If you are feeling in need of exercise, the wreck can be reached with a 200+ yard surface swim from shore. But the site is accessible by boat from both Cayman Brac and Little Cayman, which makes for a more leisurely approach to either of the two moorings — one is attached to the bow and the other to the stern. Dive guides provide a great briefing with overview drawings that illustrate how the wreck is oriented and highlight its prominent features, so you know what to expect.

Navigation is easy in the clear, calm waters of the Caribbean Sea. A descent to the bow on the deeper end of the Tibbetts reveals it now leans on its port side. As you drop down on the structure, it is not uncommon to pass hundreds of sergeant majors cavorting above the structure, and you’ll find the railings are festooned with sponges and corals. When you reach the bow deck you cannot miss the impressive gun turrets, which now serve a far more peaceful purpose as a marine habitat, including the clusters of yellow tube sponges that add a burst of color and beauty. The superstructure has been a bit roughed up by numerous storms, but the aquatic life seems to enjoy the chaos of cables, pipes and structural beams. Wreck divers know that the more complicated the structure, the greater the number of small gem-like fish that dart in and out of every nook.


The broken midsection of the Tibbetts initially looks like a jumbled heap of metal, but on closer inspection, divers will see that all the broken debris is throbbing with life.

David M. Benz

Heading toward midships, you will be under the wary eye of young barracudas and Nassau groupers. A spotted eagle ray may come flying by as they often soar along the side of the wreck. The broken midsection of the Tibbetts initially looks like a jumbled heap of metal, hardware, pipes and cables, but on closer inspection, divers will see that all the broken debris is throbbing with life. Shy denizens such as octopus and young grouper can be found hiding in broken pipes. Clouds formed by millions of minute fry in this active tropical nursery create a pulsing haze over this section, which attracts larger fish species. Rippling schools of creole wrasse may come parading through at any moment.

This part of the wreck also offers the opportunity for limited penetration if you have the training to do so. Clearly the gray angelfish and snapper have had this training, as they come and go through the engine room regularly.

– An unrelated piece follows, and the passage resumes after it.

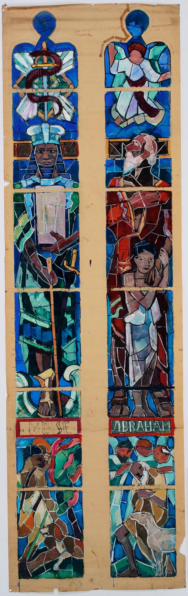 D’un point de vue du dessin aussi, des modifications importantes ont été apportées. Pour la lancette d’Abraham, l’épisode choisi pour le vitrail est différent de celui esquissé sur les dessins préparatoires où l’on voit Abraham, un couteau à la main, sur le point de sacrifier son fils Isaac. Pour la lancette consacrée à Moïse, les remaniements sont moins conséquents. Au centre, Moïse est déjà présenté de face. Il tient les Tables de la Loi de la main gauche et plus de la droite. Il tient de l’autre main un bâton et plus une épée. Alors qu’il est coiffé d’un chapeau sur le projet définitif, sur les dessins, il dévoile ses cornes sur une tête nue. Sur la scène supérieure, peu de transformations. Le serpent est déjà présent mais sans l’épée. Par contre, une modification de scène a été effectuée pour la partie inférieure. Alors qu’au début c’est l’épisode de Moïse séparant les eaux qui avait été choisi, il a été remplacé par la scène du buisson ardent.

As you head gradually shallower toward the stern, you’ll find that hard and soft corals, as well as larger sponges, become more abundant on the metal surface. If you are lucky, you might find a hawksbill sea turtle feeding on the deck, tearing into some of the bigger sponges, oblivious to everything else as it feasts. A small part of the superstructure is open in this area, and you will find another imposing gun turret. The door to the turret is flung open, and you can peek inside and imagine how intense the tight space would have been in action. After nearly three decades on the seafloor, the only action you’ll be part of today is to be surrounded by swirling schools of pretty damselfish. The overhead sun casts dancing ripples of light over the entirety of this part of the wreck, creating the tranquil illusion of movement. But the real beauty of the M/V Captain Keith Tibbetts is to see the thriving reef this former warship has become with an untold number of full-time marine residents that will foster many more generations in the future.

If your pressure gauge says you have had enough, it is just a short swim to your safety stop. But if you still have some dive time left, you might check out the nearby mounding reefs that support a busy marine community of their own. By the end of the dive, you will discover that with so much to explore, this dive site is worthy of more than one visit.

What to Know

Language: English

Currency: Cayman Islands dollar

Signature Dish: Fish rundown, a stew made with coconut-milk-soaked fish.

Signature Topside Activity: Queen Elizabeth II Botanic Park, Grand Cayman; Owen Island, Little Cayman; Bat Cave, Cayman Brac.

Main Airport: Grand Cayman’s Owen Roberts International Airport (GCM).

Water Temp/Visibility: High 70s to low 80s/80 to 100 feet.

Travel Tip: Carry both Cayman and U.S. dollars — resorts and hotels usually quote prices in U.S. dollars, while restaurants and shops ask for Cayman Islands dollars.